• What to do:
Would you repeat word for word the lines of the listing that follows, from the one with "Falten und Fältchen: Eine" up to and including the one with "Shelf lot marked", and leave out the images?

• Data excerpts:
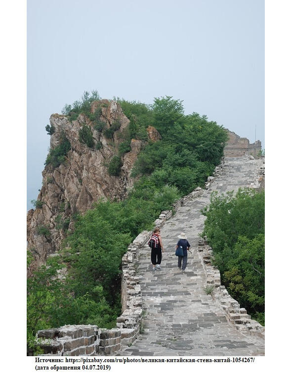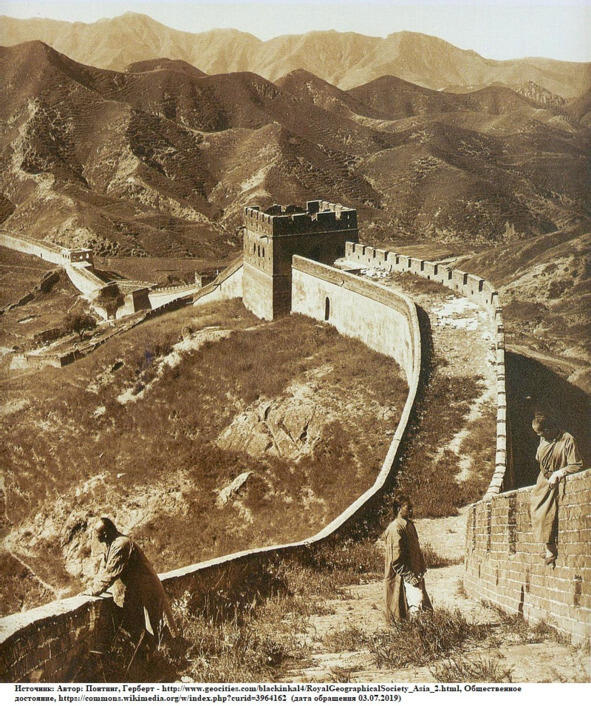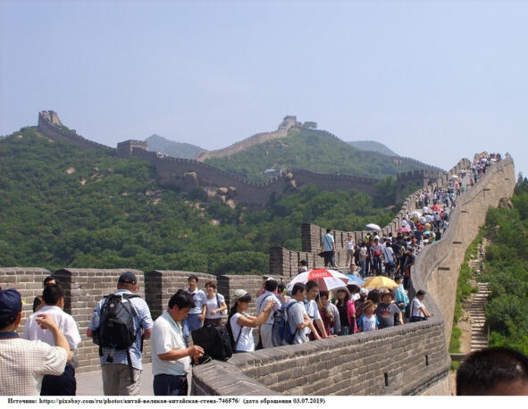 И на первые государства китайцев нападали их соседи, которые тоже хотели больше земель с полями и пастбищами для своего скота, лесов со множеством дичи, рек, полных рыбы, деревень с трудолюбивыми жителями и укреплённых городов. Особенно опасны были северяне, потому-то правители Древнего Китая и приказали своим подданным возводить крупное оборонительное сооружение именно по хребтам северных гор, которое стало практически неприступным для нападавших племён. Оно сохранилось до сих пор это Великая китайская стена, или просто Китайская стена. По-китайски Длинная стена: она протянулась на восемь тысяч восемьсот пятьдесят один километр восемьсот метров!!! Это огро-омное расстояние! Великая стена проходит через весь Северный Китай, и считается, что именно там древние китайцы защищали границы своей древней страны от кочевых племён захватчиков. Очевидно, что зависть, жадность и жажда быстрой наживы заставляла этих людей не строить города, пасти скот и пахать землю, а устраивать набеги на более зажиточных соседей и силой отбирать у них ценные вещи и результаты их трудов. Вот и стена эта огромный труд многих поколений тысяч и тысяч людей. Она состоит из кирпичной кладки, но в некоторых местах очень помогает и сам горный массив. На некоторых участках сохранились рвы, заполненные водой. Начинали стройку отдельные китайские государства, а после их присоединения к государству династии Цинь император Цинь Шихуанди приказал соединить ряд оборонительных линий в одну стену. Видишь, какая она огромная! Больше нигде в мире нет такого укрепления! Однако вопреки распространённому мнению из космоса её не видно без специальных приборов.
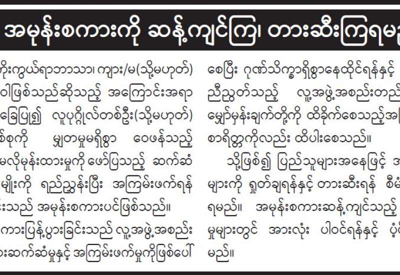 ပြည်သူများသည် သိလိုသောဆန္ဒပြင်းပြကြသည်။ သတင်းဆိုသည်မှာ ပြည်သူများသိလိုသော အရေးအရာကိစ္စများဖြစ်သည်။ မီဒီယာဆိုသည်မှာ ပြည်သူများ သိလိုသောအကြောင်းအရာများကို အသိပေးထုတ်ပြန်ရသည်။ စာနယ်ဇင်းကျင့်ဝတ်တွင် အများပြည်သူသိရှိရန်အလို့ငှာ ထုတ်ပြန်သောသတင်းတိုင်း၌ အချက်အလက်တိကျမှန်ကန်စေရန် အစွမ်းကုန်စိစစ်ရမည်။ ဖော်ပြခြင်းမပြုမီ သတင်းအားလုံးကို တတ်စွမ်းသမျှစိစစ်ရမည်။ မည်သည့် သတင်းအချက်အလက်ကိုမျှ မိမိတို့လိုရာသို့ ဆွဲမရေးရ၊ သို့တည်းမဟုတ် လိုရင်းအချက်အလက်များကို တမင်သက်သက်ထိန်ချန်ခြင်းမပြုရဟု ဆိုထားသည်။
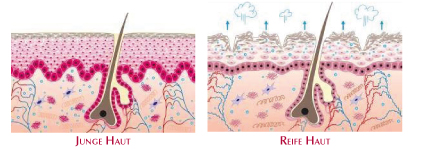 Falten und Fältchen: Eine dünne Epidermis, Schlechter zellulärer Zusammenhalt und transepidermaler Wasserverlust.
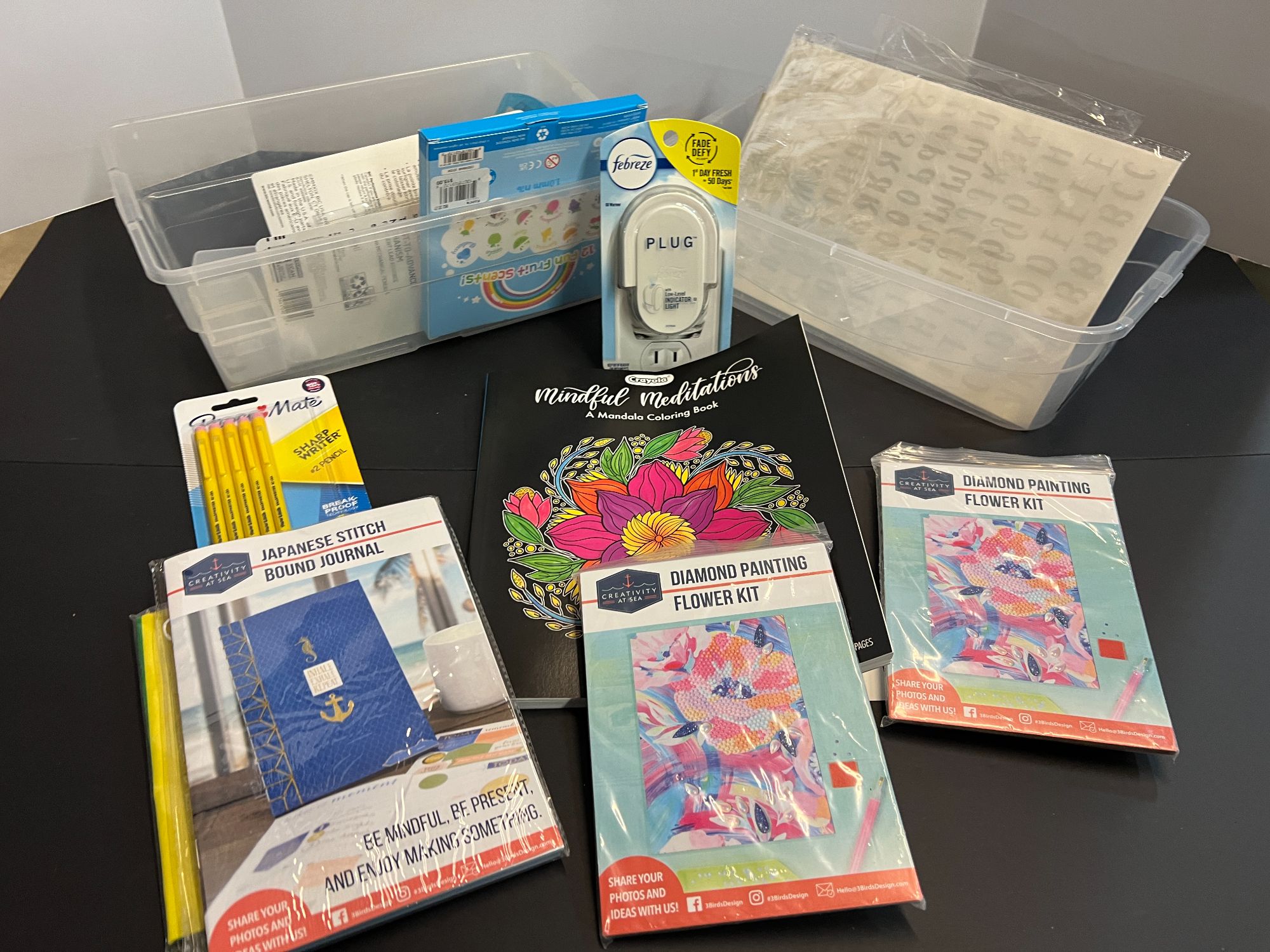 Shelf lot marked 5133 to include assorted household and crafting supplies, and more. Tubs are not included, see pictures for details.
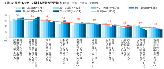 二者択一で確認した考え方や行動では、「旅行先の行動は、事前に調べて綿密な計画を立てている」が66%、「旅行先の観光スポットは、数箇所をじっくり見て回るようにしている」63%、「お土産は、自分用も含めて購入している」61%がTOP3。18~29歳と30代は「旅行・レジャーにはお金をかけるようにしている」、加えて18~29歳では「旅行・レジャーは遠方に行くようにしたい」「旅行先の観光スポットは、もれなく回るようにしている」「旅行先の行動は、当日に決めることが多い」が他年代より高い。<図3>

• Task solution:
 Falten und Fältchen: Eine dünne Epidermis, Schlechter zellulärer Zusammenhalt und transepidermaler Wasserverlust.
 Shelf lot marked 5133 to include assorted household and crafting supplies, and more. Tubs are not included, see pictures for details.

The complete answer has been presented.